To find the dimensions of the rectangular garden with the greatest area that Sarah can enclose with 20m of garden edging, we can use calculus. Let's assume that the width of the rectangular garden is x meters.
- Step 1: Express the perimeter of the rectangular garden in terms of x.
- The perimeter is given by P = 2(length + width) = 2(x + length).
- Since we know that the perimeter is 20m, we can write this as 20 = 2(x + length), or x + length = 10.
- Step 2: Express the area of the rectangular garden in terms of x.
- The area is given by A = length * width = length * x.
- We can rewrite this using the relationship x + length = 10 as A = x(10 - x) = 10x - x^2.
- Step 3: Find the derivative of the area function to find critical points.
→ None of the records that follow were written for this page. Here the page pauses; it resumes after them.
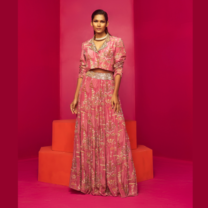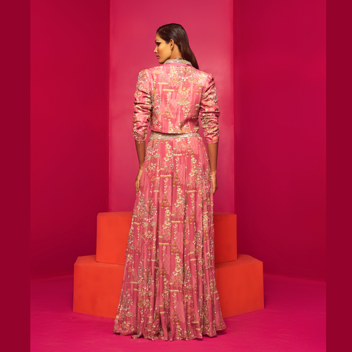 Blush pink crop jacket paired with embellished and embroidered lehenga
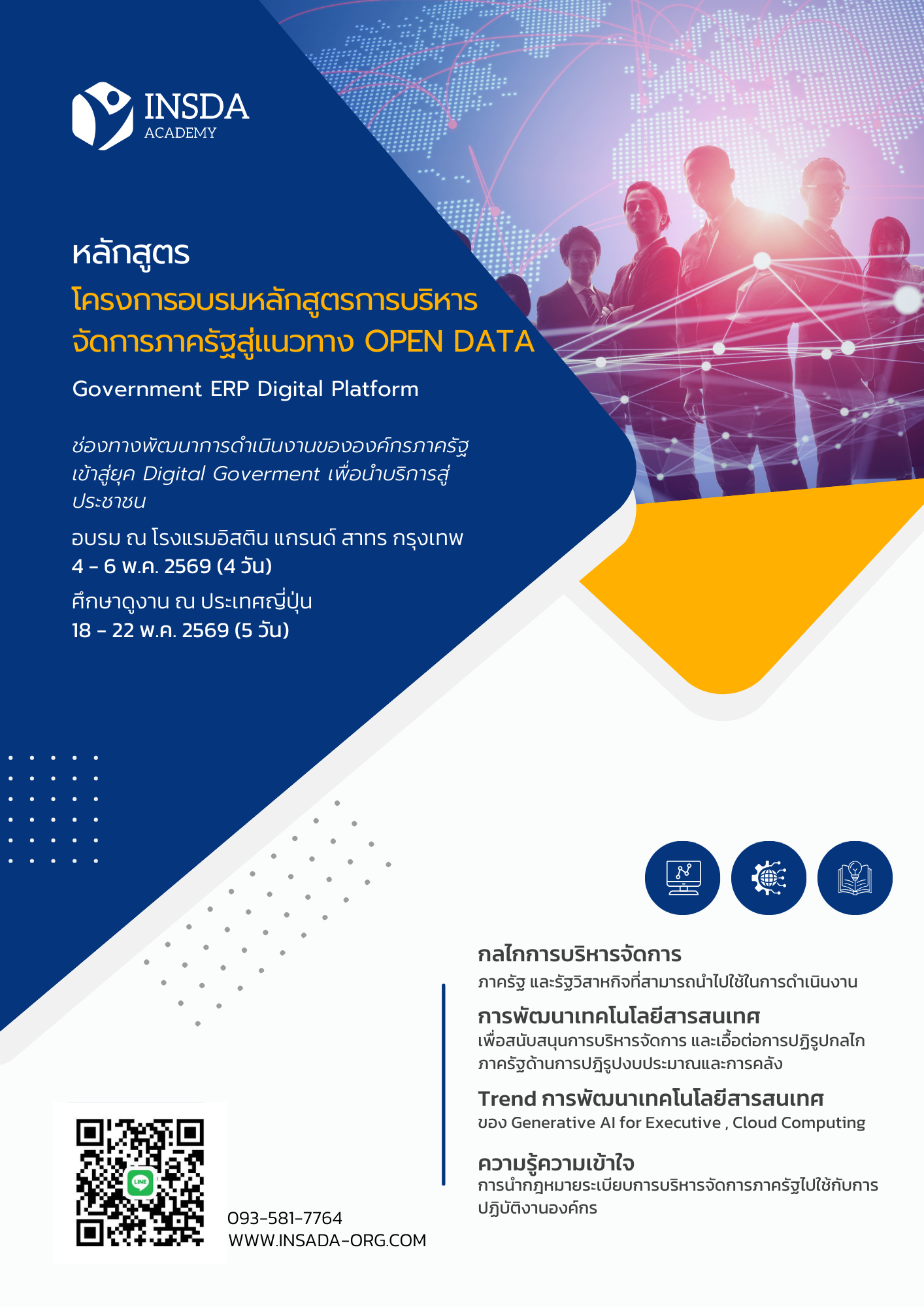 มูลนิธิสหวิทยาการเพื่อการวิจัยและพัฒนาเพื่อเครือข่ายสหวิทยาการแห่งราชบัณฑิตยสภาในพระราชูปถัมภ์ สมเด็จพระเทพรัตนราชสุดาฯ และสมาคมเครือข่ายไอซีทีเพื่อการพัฒนาสังคม หรือ INSDA ได้จัดโครงการจัดอบรมหลักสูตรการบริหารจัดการภาครัฐด้วยเทคโนโลยีสารสนเทศ
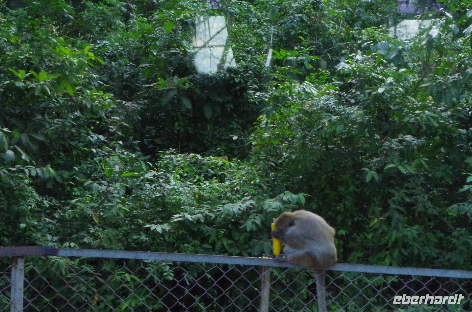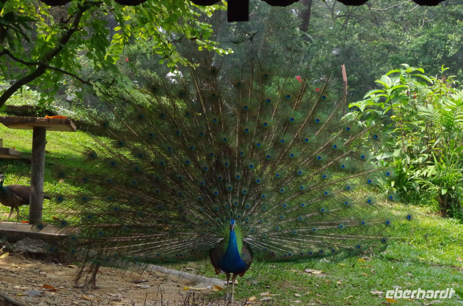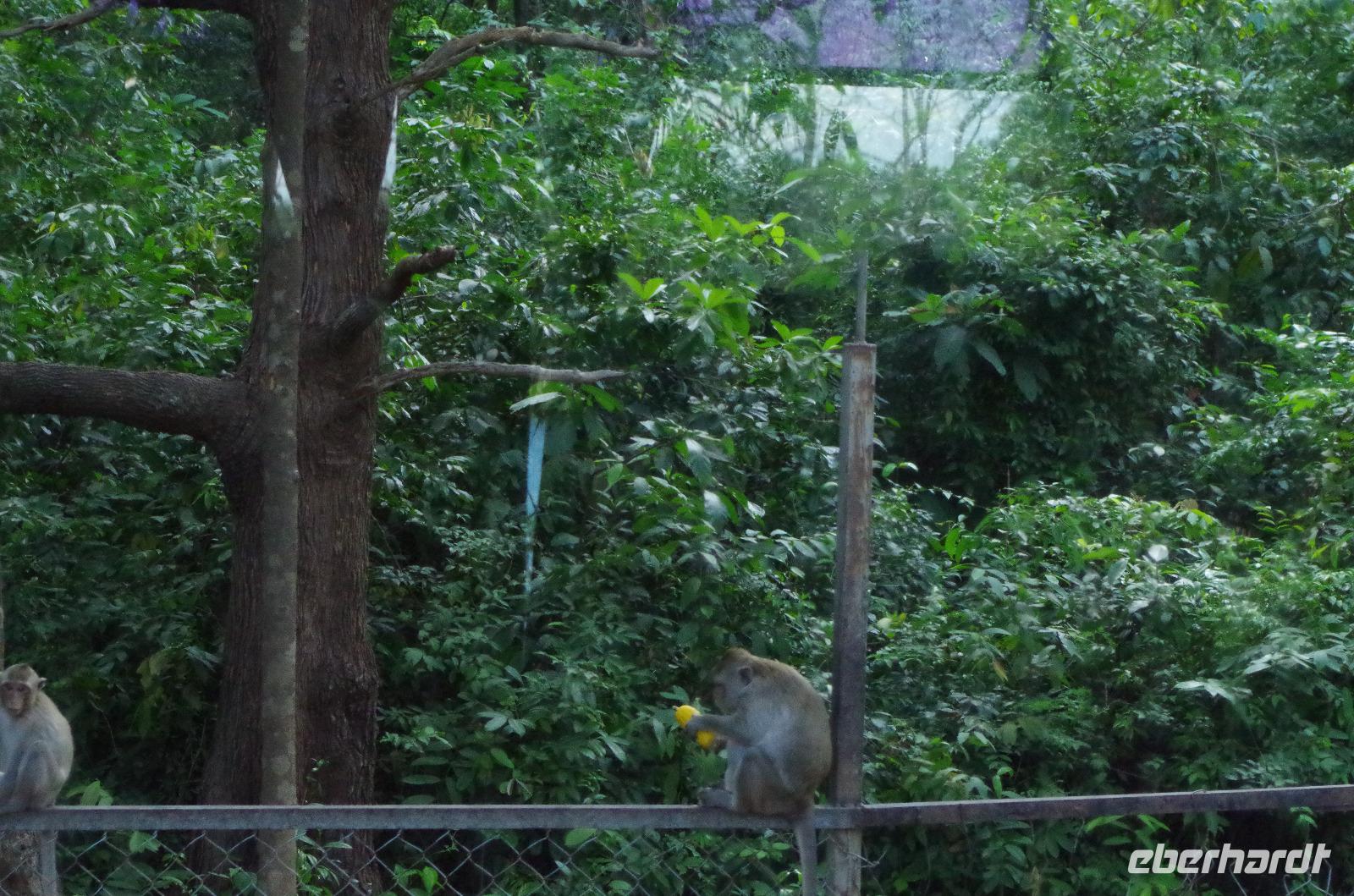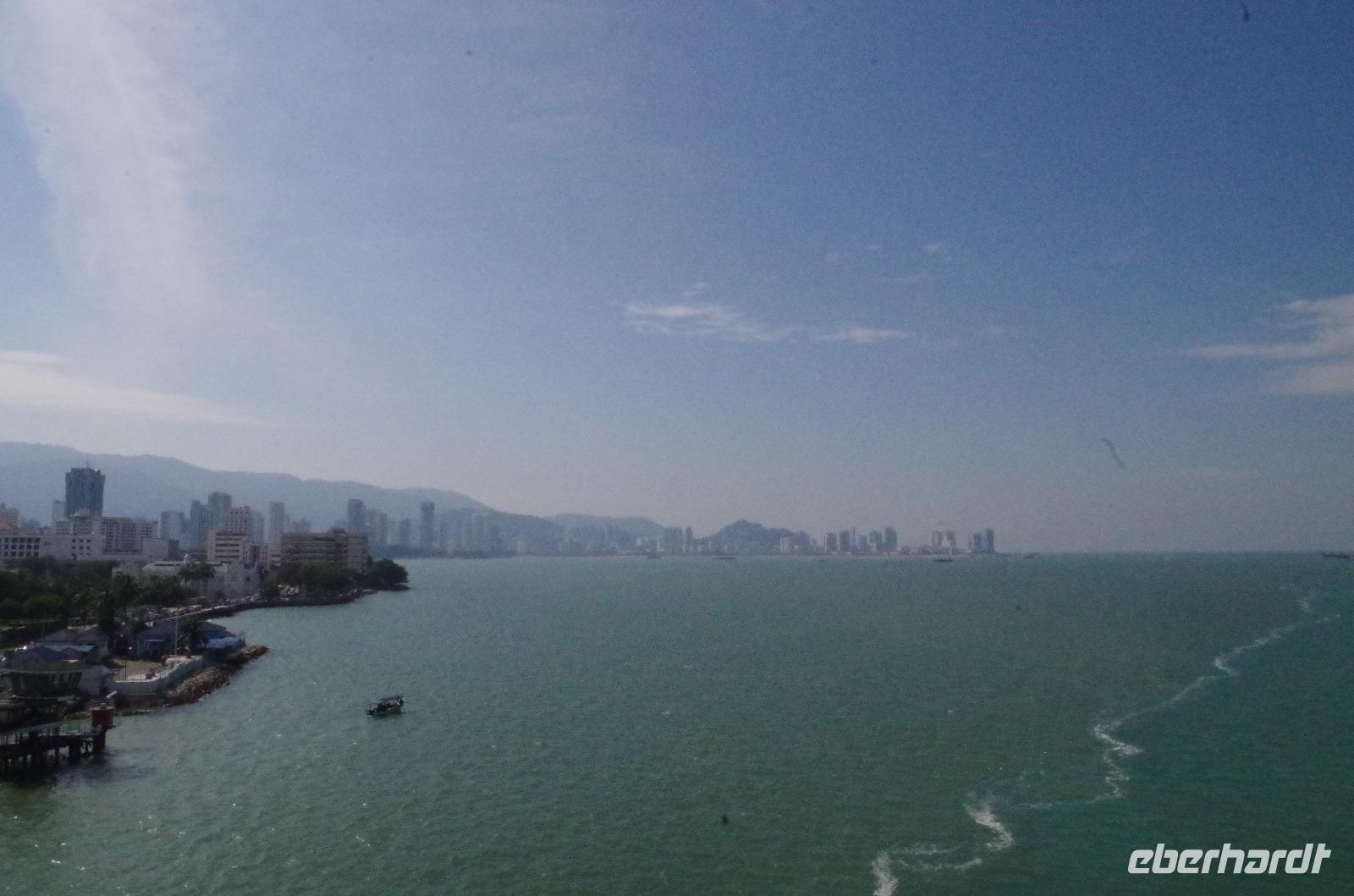 Auf einen Tag der Entspannung folgt abermals ein spannender Ausflugstag. Bereits ab 07.00 Uhr besteht die Möglichkeit, im "Markt Restaurant" zu frühstücken. Wir haben leicht bewölkten Himmel, dennoch ist es sehr warm bei rund 32 Grad Celsius. Für den Landgang ist die Mitnahme der Bordkarte ausreichend. Wer noch Geld wechseln möchte, kann dies gern an der Rezeption an Bord der AIDAbella vornehmen. Der Wechselkurs liegt ungefähr bei 1 Euro zu 5 malaysischen Ringgit. Um 08.00 Uhr erreichen wir das Penang International Cruise Terminal (PICT) in Malaysia. Die Hautstadt mit 180.000 Einwohnern von Penang ist George Town. Auf dieser 1.050 Quadratkilometer großen Insel leben rund 1,5 Millionen Menschen. Penang wurde 1786 von Captain Francis Light entdeckt, die Unabhängigkeit wurde 1957 erklärt. Diese Insel wird auch als "Perle des Orients" bezeichnet. Besonders berühmt ist sie für ihre im September 1985 eröffnete Penang-Brücke, welche die Insel mit dem malaysischen Festland verbindet. Mit einer Länge von 13,5 Kilometern galt sie bis März 2014 als die längste asiatische Brücke. Die zweite Verbindungsbrücke Second Penang Bridge ist 16,4 Kilometer lang. Weitere Sehenswürdigkeiten sind das Bukit Merah Laketown Resort, das Khoo-Kongsi-Klanhaus, der 1933 errichtete Hindu-Tempel "Sri Mariamman", der Schlangentempel oder der buddhistische Kek-Lok-Tempel mit seinen mehr als 300 Stufen und der Pagode der 10.000 Buddhas in einer Höhe von 33 Metern. Die Gäste haben abermals unterschiedliche Ausflüge gebucht. Zu empfehlen sind PEN1 "Penang: Einmal rundherum", PEN14 "Penang: Stadt & Gärten" und PEN 15 "Tropische Früchte & Schmetterlinge". Die Reisebegleitung bietet wieder eine individuelle Inselrundfahrt an. Wir treffen uns um 10.00 Uhr an der Rezeption auf Deck 5. Ähnlich wie in Koh Samui warten die Taxis am Swettenham Pier bereits auf die Touristen, der Preis für die Inselrundfahrt ist natürlich wieder verhandelbar. Rund 45 Minuten später besuchen wir den burmesischen Tempel und den Tempel "Wat Chaiya Mangkalaram" mit dem ruhenden Buddha. Anschließend führt uns die Fahrt zum 30 Hektar großen Botanischen Garten, wobei wir ganz viele kleine Rhesusaffen sehen, welche von den Touristen gefüttert werden. Wir wollen gern mit der Seilbahn zum 800 Meter hohen bewaldeten Penang Hill fahren, aber die Wartezeit würde bis zu zwei Stunden dauern. Eine Auffahrt mit dem Taxi ist nicht erlaubt, die Wartezeit für eine Fahrt mit einem Allradfahrzeug ist mit einer Stunde bedauerlicherweise nicht viel besser. Hier empfiehlt sich, die Karten vorher zu besorgen oder sehr früh zur Seilbahnstation zu fahren. Daher führt uns die Inselrundfahrt zur interessanten Schmetterlingsfarm "entopia", welche wir 13.00 Uhr besuchen. Danach fahren wir wieder zum Zentrum zurück und unternehmen noch einen kleinen Spaziergang zurück zur AIDAbella. Wir trinken gemeinsam Kaffee im "Weite Welt Restaurant" und zur gewohnten Uhrzeit um 18.30 Uhr treffen wir uns mit den anderen Reisegästen zum Abendessen. Am späten Abend findet die Show "Satisfaction" der AIDA-Stars im Theatrium statt. Allerdings ist nach circa zehn Minuten schon wieder alles vorbei, da unglücklicherweise die Bühnentechnik nicht mehr funktioniert. Na schauen wir, ob wir diese Show vielleicht an einem anderem Tag nochmals sehen werden ;-) Wir verabschieden und freuen uns bereits auf die nächste großartige Metropole Kuala Lumpur/Port Klang, wobei noch eine Fahrt von rund 201 Seemeilen bzw. 372 Kilometer vor uns liegt.
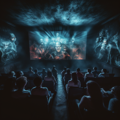 top perspective view of 20 people seated inside huge room with scary horror projection screen content on the walls around them, horror mood, photorealistic, 8k, dark lighting, HDR, high resolutions, shot on IMAX Laser, intricate details
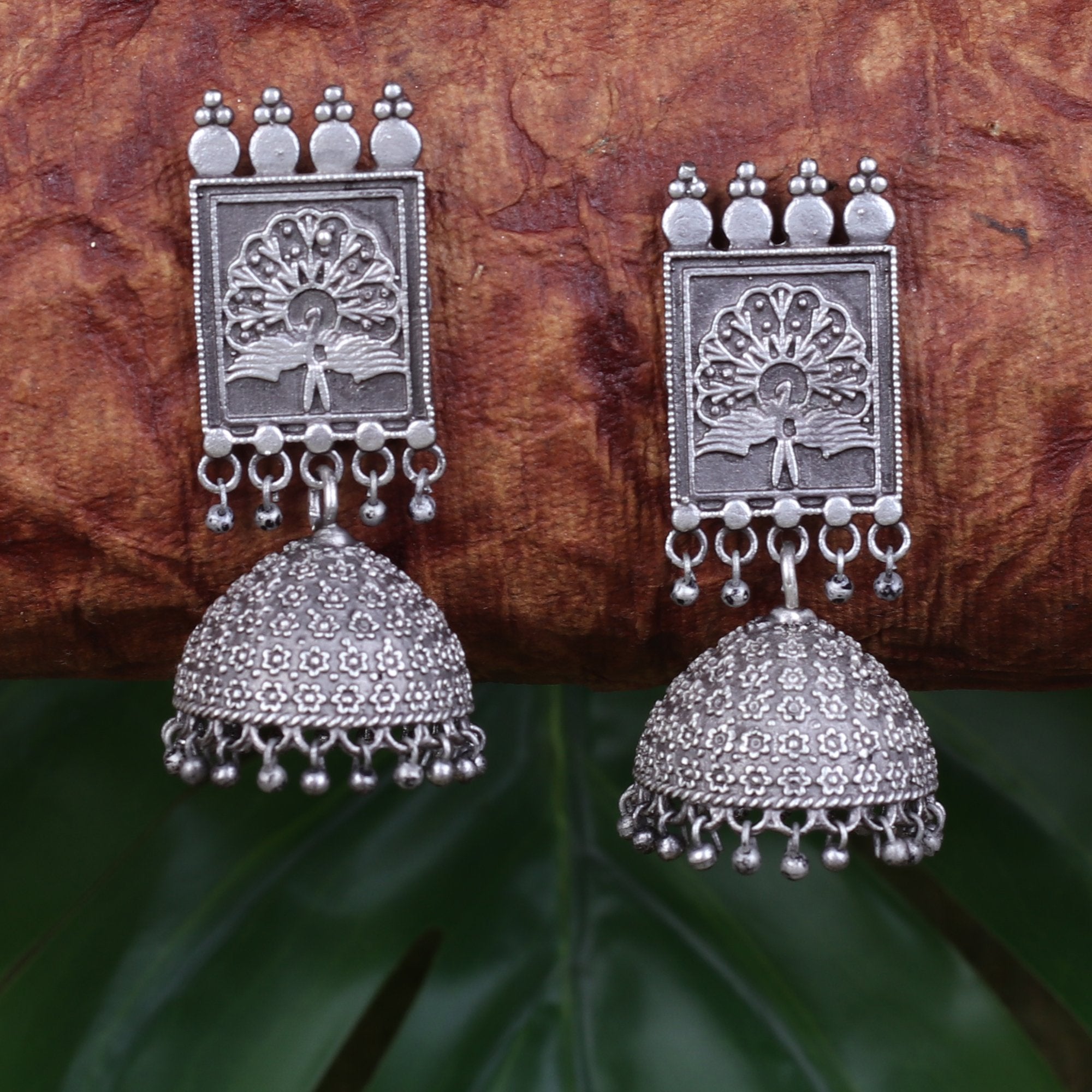 Add an elegant note to your occasion wear ensembles with these exquisite statement earrings. Handcrafted in german silver and with oxidized silver plating, these delicate and light weight stunners pair well with your Kurtas, Sarees or even add a pop of color to your white shirt & denim look
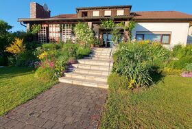 Von einer großen Parkfläche am Haus führt eine breite, flache Treppe, flankiert von Blumen in Ihre Erdgeschoss-Wohnung.

- We differentiate the area function A = 10x - x^2 with respect to x: dA/dx = 10 - 2x.
- Step 4: Set the derivative equal to zero and solve for x to find the critical points.
- Setting 10 - 2x = 0, we find that x = 5.
- Step 5: Determine the maximum area.
- To determine whether the critical point is a maximum or minimum, we can take the second derivative of the area function.
- The second derivative is d^2A/dx^2 = -2.
- Since the second derivative is negative, the critical point x = 5 corresponds to a maximum.
Therefore, the width of the rectangular garden is x = 5 meters, and the length is 10 - x = 10 - 5 = 5 meters. Hence, the dimensions of the rectangular garden with the maximum area that can be enclosed with 20m of garden edging are 5m x 5m.
To calculate the maximum area, substitute x = 5 into the area function: A = 10(5) - (5)^2 = 50 - 25 = 25 square meters.
So, the maximum area that Sarah can enclose with 20m of garden edging is 25 square meters.